We have reviewed the originals or copies certified or otherwise identified to our satisfaction of the Registration Statement and all such corporate records of the Company and such other instruments and other certificates of public officials, officers and representatives of the Company and such other persons, and we have made such investigations of law, as we have deemed appropriate as a basis for the opinions expressed below. In arriving at the opinions expressed below, we have assumed the authenticity of all documents submitted to us as originals and the conformity to the originals of all documents submitted to us as copies. In addition, we have assumed and have not verified the accuracy as to factual matters of each document we have reviewed.
The foregoing opinion is limited solely to the laws of the State of Florida, the Florida Business Corporation Act and the federal laws of the United States of America, and we do not express any opinion as to the laws of any other jurisdiction. We also express no opinion herein with respect to compliance by the Company with securities or blue sky laws of any state or other jurisdiction of the United States or of any foreign jurisdiction.
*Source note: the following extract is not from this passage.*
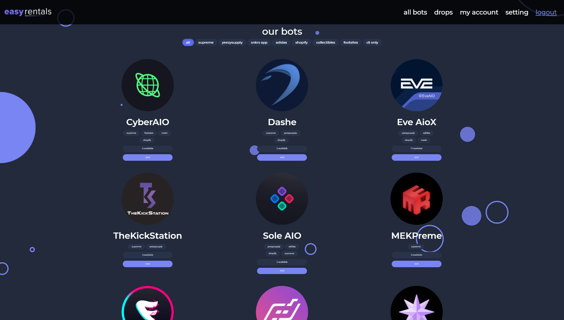 On this page you can view all the bots available to purchase. All the bots are broken down into the companies logo, the name of the bot, what they support, how many of the rentals are available and the rent button that will take you to their individual page to see the rentals available to purchase.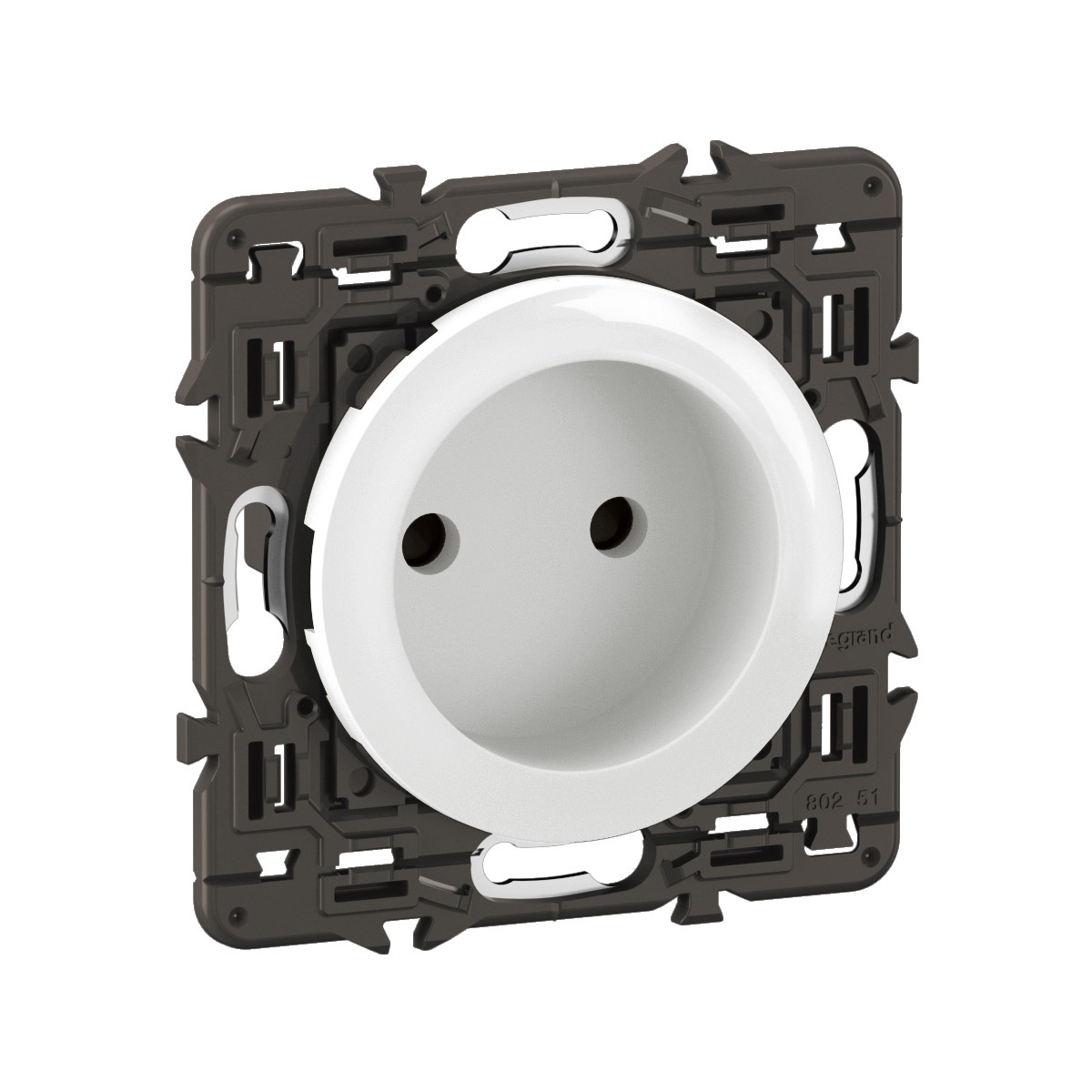 Prise de courant sans terre Céliane - Blanc avec support, à équiper d'une plaque

In addition, we express no opinion and make no statement herein with respect to the antifraud laws of any jurisdiction.
Based upon and subject to the foregoing, we are of the opinion with respect to the Offered Securities that (i) the Shares have been duly authorized and are validly issued and are fully paid and non-assessable, and (ii) upon the proper exercise of the Warrants and the payment of any consideration required thereunder, all as described in the Registration Statement, the Warrant Shares will be duly authorized, validly issued, fully paid and non-assessable.
We hereby consent to the filing of this opinion with the Commission as an exhibit to the Registration Statement in accordance with the requirements of Item 601(b)(5) of Regulation S-K under the Securities Act and to the use of our name therein and in the related prospectus under the caption Legal Matters. In giving such consent, we do not hereby admit that we are in the category of persons whose consent is required under Section 7 of the Securities Act or the rules and regulations of the Commission.